3.2. Animal Material

Specimens of the octocoral Sinularia arborea [8] were collected by hand using scuba equipment off the coast of southern Taiwan in October, 2012, and stored in a freezer (−20 °C) until extraction. A voucher specimen (NMMBA-TWSC-1200X) was deposited in the National Museum of Marine Biology and Aquarium, Taiwan.

3.3. Extraction and Isolation

Specimens of the soft coral Sinularia arborea (wet weight 1.6 kg, dry weight 576 g) were minced and extracted with ethyl acetate (EtOAc). The EtOAc extract left after removal of the solvent (12.5 g) was separated by silica gel and eluted using a mixture of n-hexane/EtOAc in a stepwise fashion from 100:1–pure EtOAc to yield 11 fractions A–K. Fraction G was separated by NP-HPLC, using a mixture of n-hexane and acetone (6:1) to yield 26 subfractions G1–G26. Fraction G13 was repurified by NP-HPLC, using a mixture of n-hexane and EtOAc (4:1) to yield 9 subfractions G13A–G13I. Fraction G13G was repurified by NP-HPLC, using a mixture of n-hexane and acetone (7:2, flow rate: 2.0 mL/min) to yield 2 (3.7 mg, t_R = 8 m). Fraction G13I was repurified by NP-HPLC, using a mixture of dichloromethane and acetone (10:1, flow rate: 1.0 mL/min) to yield 1 (2.9 mg, t_R = 332 m). Fraction H was purified by NP-HPLC, using a mixture of n-hexane and EtOAc (2:1) to obtain 14 subfractions H1–H14. Fraction H12 was repurified by NPLC, using a mixture of n-hexane and acetone (3:1, flow rate: 2.0 mL/min) to yield 3 (1.2 mg, t_R = 149 m).

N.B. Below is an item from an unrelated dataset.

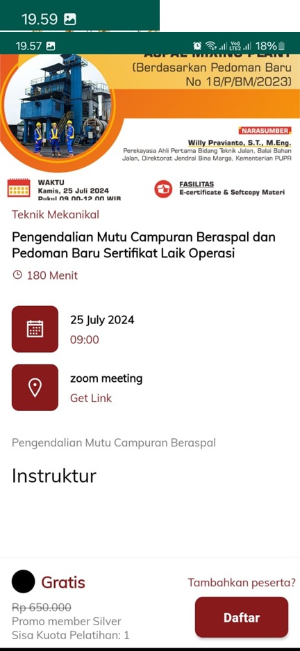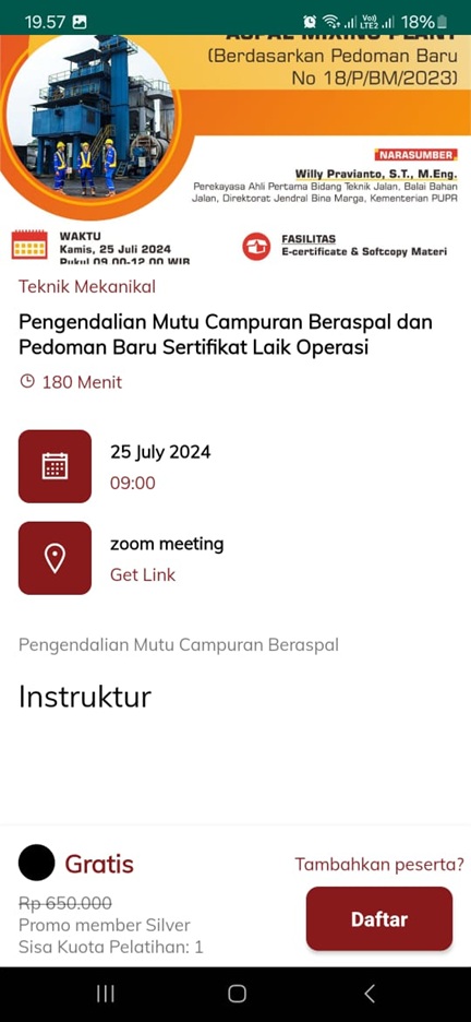 | 4 | SSC Permasalahan dan Penanganan Konstruksi Jalan di Atas Tanah Ekspansif | Dr. Rudy Febrijanto, S.T., M.T. | 200 Menit |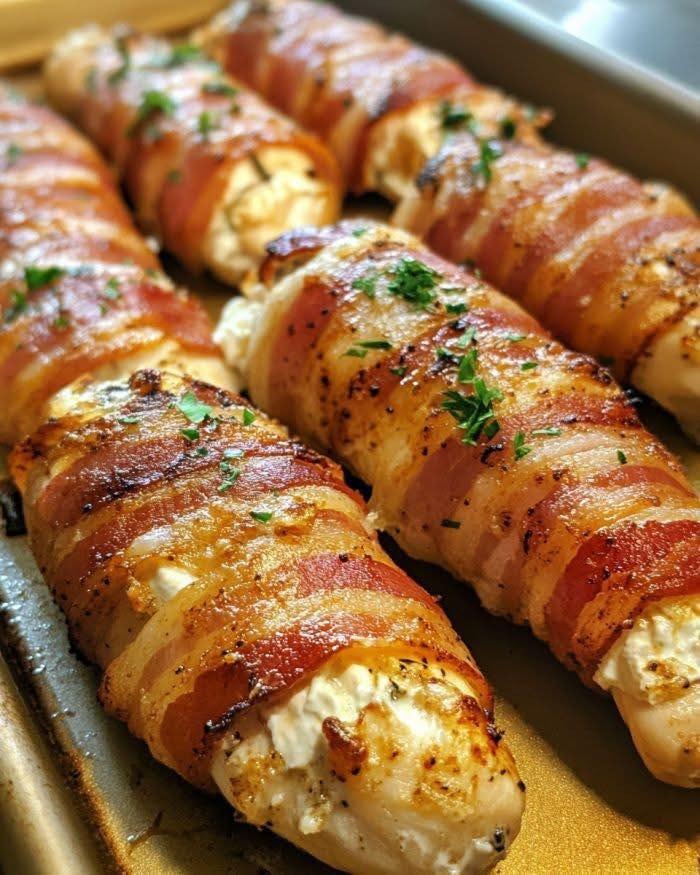 These Bacon-Wrapped Stuffed Chicken Breasts are a crowd-pleaser! Juicy chicken filled with a creamy, cheesy mixture and wrapped in crispy bacon. The aroma while baking is irresistible—perfect for a comforting, satisfying meal.

Arbolide A (1): colorless oil; +12 (c 0.15, CHCl₃); IR (neat) ν_max 3445 cm⁻¹; ¹H (400 MHz, CDCl₃) and ¹³C (100 MHz, CDCl₃) NMR data, see Table 1; ESIMS: m/z 359 [M + Na]⁺; HRESIMS: m/z 359.2195 (calcd for C₂₀H₃₂O₄Na, 359.2198).

Arbolide B (2): colorless oil; −3 (c 0.19, CHCl₃); IR (neat) ν_max 3419 cm⁻¹; ¹H (400 MHz, CDCl₃) and ¹³C (100 MHz, CDCl₃) NMR data, see Table 2; ESIMS: m/z 327 [M + Na]⁺; HRESIMS: m/z 327.2298 (calcd for C₂₀H₃₂O₂Na, 327.2300).

Crassarosterol A (3): white powder; −16 (c 0.06, CHCl₃) (ref. [4], −45 (c 0.66, CHCl₃)); IR (neat) ν_max 3396 cm⁻¹; ESIMS: m/z 453 [M + Na]⁺. The ¹H and ¹³C NMR data of 3 are in full agreement with those reported previously [4].

3.4. Cytotoxicity Testing

Cytotoxicity of compounds 1–3 was assayed with a modification of the MTT [3-(4,5-dimethylthiazol-2-yl)-2,5-diphenyltetrazolium bromide] colorimetric method. Cytotoxicity assays were carried out according to previously described procedures [9,10].

4. Conclusions

In our continuing investigation on the chemical constituents of marine invertebrates collected off the waters of Taiwan, the soft coral Sinularia arborea has resulted in the isolation of two new cembrane-type diterpenoids, arbolides A (1) and B (2) and a known trihydroxysteroid crassarosterol A (3) [4]. Steroid 3 was found to exhibit selective cytotoxicity toward the human leukemia K562 and MOLT-4 cells. To the best of our knowledge, this is the first time that the natural substances from Sinularia arborea have been reported.